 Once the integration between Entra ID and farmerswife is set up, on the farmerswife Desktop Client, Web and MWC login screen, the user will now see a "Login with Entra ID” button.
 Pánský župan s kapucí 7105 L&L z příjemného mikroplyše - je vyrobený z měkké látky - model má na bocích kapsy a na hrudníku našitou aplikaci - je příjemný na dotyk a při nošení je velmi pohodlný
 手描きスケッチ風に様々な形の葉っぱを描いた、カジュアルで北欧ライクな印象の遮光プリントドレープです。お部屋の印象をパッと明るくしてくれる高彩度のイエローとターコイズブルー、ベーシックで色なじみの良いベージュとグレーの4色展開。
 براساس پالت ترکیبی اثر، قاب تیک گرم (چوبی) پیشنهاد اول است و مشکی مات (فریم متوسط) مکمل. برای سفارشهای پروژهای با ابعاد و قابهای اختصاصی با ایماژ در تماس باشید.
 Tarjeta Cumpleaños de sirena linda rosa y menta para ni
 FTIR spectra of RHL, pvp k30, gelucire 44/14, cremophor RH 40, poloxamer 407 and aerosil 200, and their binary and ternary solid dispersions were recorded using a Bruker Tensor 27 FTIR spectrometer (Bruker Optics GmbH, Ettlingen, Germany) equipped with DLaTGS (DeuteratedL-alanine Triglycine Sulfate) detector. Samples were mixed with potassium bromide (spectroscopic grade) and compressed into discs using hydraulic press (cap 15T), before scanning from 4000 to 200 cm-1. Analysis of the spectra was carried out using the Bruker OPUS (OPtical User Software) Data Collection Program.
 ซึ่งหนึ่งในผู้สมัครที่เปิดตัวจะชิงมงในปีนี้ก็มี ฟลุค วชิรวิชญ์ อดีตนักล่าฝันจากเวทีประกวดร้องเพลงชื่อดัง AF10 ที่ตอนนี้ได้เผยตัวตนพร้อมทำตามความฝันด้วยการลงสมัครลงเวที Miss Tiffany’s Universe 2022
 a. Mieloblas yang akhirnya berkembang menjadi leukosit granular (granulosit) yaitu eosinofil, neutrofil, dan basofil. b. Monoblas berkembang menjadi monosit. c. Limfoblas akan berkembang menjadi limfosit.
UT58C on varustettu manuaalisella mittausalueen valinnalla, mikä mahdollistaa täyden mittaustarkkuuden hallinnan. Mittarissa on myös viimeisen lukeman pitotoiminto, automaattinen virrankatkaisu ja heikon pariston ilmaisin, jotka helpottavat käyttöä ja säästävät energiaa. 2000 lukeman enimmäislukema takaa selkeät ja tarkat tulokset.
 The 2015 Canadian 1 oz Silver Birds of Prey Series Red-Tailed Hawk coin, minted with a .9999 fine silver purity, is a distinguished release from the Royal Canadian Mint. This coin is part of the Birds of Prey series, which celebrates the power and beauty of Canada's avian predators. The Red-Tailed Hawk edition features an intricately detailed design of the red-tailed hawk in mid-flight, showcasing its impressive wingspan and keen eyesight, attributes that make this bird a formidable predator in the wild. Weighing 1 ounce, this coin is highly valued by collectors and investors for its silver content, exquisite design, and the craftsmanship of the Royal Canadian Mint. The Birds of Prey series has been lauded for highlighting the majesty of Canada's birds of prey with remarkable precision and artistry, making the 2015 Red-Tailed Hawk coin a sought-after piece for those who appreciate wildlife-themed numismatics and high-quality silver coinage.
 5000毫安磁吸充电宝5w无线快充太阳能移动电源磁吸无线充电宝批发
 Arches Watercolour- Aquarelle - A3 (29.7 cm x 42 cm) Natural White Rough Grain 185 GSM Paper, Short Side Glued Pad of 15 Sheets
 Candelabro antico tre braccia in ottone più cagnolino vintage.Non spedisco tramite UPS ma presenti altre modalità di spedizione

+ + + +

INSTRUCTIONS FOR THE TASK:
The task requires an exact copy of all the lines above.

EXERCISE SOLUTION:
 Once the integration between Entra ID and farmerswife is set up, on the farmerswife Desktop Client, Web and MWC login screen, the user will now see a "Login with Entra ID” button.
 Pánský župan s kapucí 7105 L&L z příjemného mikroplyše - je vyrobený z měkké látky - model má na bocích kapsy a na hrudníku našitou aplikaci - je příjemný na dotyk a při nošení je velmi pohodlný
 手描きスケッチ風に様々な形の葉っぱを描いた、カジュアルで北欧ライクな印象の遮光プリントドレープです。お部屋の印象をパッと明るくしてくれる高彩度のイエローとターコイズブルー、ベーシックで色なじみの良いベージュとグレーの4色展開。
 براساس پالت ترکیبی اثر، قاب تیک گرم (چوبی) پیشنهاد اول است و مشکی مات (فریم متوسط) مکمل. برای سفارشهای پروژهای با ابعاد و قابهای اختصاصی با ایماژ در تماس باشید.
 Tarjeta Cumpleaños de sirena linda rosa y menta para ni
 FTIR spectra of RHL, pvp k30, gelucire 44/14, cremophor RH 40, poloxamer 407 and aerosil 200, and their binary and ternary solid dispersions were recorded using a Bruker Tensor 27 FTIR spectrometer (Bruker Optics GmbH, Ettlingen, Germany) equipped with DLaTGS (DeuteratedL-alanine Triglycine Sulfate) detector. Samples were mixed with potassium bromide (spectroscopic grade) and compressed into discs using hydraulic press (cap 15T), before scanning from 4000 to 200 cm-1. Analysis of the spectra was carried out using the Bruker OPUS (OPtical User Software) Data Collection Program.
 ซึ่งหนึ่งในผู้สมัครที่เปิดตัวจะชิงมงในปีนี้ก็มี ฟลุค วชิรวิชญ์ อดีตนักล่าฝันจากเวทีประกวดร้องเพลงชื่อดัง AF10 ที่ตอนนี้ได้เผยตัวตนพร้อมทำตามความฝันด้วยการลงสมัครลงเวที Miss Tiffany’s Universe 2022
 a. Mieloblas yang akhirnya berkembang menjadi leukosit granular (granulosit) yaitu eosinofil, neutrofil, dan basofil. b. Monoblas berkembang menjadi monosit. c. Limfoblas akan berkembang menjadi limfosit.
UT58C on varustettu manuaalisella mittausalueen valinnalla, mikä mahdollistaa täyden mittaustarkkuuden hallinnan. Mittarissa on myös viimeisen lukeman pitotoiminto, automaattinen virrankatkaisu ja heikon pariston ilmaisin, jotka helpottavat käyttöä ja säästävät energiaa. 2000 lukeman enimmäislukema takaa selkeät ja tarkat tulokset.
 The 2015 Canadian 1 oz Silver Birds of Prey Series Red-Tailed Hawk coin, minted with a .9999 fine silver purity, is a distinguished release from the Royal Canadian Mint. This coin is part of the Birds of Prey series, which celebrates the power and beauty of Canada's avian predators. The Red-Tailed Hawk edition features an intricately detailed design of the red-tailed hawk in mid-flight, showcasing its impressive wingspan and keen eyesight, attributes that make this bird a formidable predator in the wild. Weighing 1 ounce, this coin is highly valued by collectors and investors for its silver content, exquisite design, and the craftsmanship of the Royal Canadian Mint. The Birds of Prey series has been lauded for highlighting the majesty of Canada's birds of prey with remarkable precision and artistry, making the 2015 Red-Tailed Hawk coin a sought-after piece for those who appreciate wildlife-themed numismatics and high-quality silver coinage.
 5000毫安磁吸充电宝5w无线快充太阳能移动电源磁吸无线充电宝批发
 Arches Watercolour- Aquarelle - A3 (29.7 cm x 42 cm) Natural White Rough Grain 185 GSM Paper, Short Side Glued Pad of 15 Sheets
 Candelabro antico tre braccia in ottone più cagnolino vintage.Non spedisco tramite UPS ma presenti altre modalità di spedizione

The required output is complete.